Monday, April 14, 2014

Jet Production in pp, p-Pb and Pb-Pb collisions measured by the ALICE experiment

Rosi Reed (Wayne State)

In relativistic heavy-ion collisions a hot, dense medium of strongly interacting matter called the Quark Gluon Plasma (QGP) is formed. One of the main goals of jet measurements is to understand how hard scattered partons lose energy as they traverse through a colored medium. A study of jet spectra and correlations in a variety of collisional systems will allow a better understanding of the detailed mechanisms of this in-medium energy loss and will further constrain theory models of this process. The measurement of the jet production cross-section in three different colliding systems: pp, p-Pb, and Pb-Pb, allows for the determination of jets in QCD vacuum, in cold nuclear matter and in a QGP. The two reference measurements will allow a better extraction of the modification of the parton shower due to the hot partonic matter.
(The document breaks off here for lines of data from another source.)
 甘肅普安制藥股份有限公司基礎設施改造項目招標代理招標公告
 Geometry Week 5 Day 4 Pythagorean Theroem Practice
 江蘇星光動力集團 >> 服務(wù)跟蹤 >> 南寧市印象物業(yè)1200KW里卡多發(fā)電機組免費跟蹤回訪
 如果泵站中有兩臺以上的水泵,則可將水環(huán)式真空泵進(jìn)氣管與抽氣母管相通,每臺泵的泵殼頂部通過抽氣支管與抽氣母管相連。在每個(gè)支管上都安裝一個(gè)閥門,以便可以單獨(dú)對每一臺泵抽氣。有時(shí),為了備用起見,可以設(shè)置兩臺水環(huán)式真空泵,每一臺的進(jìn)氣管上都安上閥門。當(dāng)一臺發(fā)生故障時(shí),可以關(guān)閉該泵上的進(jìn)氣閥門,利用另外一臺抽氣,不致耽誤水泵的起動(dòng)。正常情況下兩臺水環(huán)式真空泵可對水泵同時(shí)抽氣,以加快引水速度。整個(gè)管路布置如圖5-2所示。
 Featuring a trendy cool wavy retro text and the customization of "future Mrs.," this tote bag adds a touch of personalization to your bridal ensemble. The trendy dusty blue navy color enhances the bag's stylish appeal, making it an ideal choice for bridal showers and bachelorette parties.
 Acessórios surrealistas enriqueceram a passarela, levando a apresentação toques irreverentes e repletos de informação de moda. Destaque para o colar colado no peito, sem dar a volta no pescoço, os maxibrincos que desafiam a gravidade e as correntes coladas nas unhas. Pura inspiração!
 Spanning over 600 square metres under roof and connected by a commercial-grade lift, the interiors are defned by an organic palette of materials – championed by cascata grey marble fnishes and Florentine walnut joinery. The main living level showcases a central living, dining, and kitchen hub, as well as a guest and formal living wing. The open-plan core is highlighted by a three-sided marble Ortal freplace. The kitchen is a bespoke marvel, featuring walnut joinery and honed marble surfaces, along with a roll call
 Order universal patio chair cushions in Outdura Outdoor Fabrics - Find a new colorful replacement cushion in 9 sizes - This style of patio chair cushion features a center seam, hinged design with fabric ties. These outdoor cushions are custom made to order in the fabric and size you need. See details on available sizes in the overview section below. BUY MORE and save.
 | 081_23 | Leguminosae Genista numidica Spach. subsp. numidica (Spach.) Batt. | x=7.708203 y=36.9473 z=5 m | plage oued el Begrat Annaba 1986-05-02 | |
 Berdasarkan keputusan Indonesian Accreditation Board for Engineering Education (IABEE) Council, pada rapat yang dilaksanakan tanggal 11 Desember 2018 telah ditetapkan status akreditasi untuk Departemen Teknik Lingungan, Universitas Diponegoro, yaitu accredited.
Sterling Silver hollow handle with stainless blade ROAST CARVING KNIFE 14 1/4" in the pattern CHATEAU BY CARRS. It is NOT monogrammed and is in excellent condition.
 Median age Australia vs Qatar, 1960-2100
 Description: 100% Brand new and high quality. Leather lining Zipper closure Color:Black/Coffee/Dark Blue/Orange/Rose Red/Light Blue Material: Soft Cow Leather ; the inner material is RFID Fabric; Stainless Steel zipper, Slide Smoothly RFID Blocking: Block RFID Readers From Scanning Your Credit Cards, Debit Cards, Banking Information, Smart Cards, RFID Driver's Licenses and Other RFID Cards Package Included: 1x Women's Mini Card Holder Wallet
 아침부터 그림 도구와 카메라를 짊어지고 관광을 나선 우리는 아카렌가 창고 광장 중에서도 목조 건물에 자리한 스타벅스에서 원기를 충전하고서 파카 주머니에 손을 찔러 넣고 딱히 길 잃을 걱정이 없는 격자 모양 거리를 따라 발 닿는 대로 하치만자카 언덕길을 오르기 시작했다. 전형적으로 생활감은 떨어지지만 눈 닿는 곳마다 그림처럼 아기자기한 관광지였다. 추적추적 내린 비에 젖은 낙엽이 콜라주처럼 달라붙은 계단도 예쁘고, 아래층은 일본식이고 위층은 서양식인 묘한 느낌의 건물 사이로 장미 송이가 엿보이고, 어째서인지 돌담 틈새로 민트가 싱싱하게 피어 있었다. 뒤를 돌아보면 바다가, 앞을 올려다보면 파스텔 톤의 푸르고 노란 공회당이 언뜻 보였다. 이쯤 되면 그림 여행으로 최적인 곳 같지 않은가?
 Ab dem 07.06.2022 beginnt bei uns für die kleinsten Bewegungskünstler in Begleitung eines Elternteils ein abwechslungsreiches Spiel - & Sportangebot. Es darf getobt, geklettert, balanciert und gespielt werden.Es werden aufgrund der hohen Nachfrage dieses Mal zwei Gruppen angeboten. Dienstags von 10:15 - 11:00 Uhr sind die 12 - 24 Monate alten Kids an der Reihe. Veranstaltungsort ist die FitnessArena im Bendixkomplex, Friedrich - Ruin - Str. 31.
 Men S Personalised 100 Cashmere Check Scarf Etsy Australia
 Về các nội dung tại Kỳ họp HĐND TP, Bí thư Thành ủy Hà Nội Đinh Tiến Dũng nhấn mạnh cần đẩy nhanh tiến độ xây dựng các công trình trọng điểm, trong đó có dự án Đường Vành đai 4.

Cold nuclear matter effects, such as shadowing, could modify the cross-section or fragmentation relative to pp, which would need to be removed from any potential measurement of the modification in hot nuclear matter. In order to fully understand the modification of the parton fragmentation function, it is important that the underlying event background and its fluctuations is well understood for all colliding systems. This fluctuating background can smear the jet spectrum, and can be corrected for along with detector effects during an unfolding process. I will present recent ALICE results on jet production and single hadrons, which are a good proxy for jets, in pp, p-Pb and Pb-Pb collisions and discuss their sensitivity to a modified jet fragmentation function.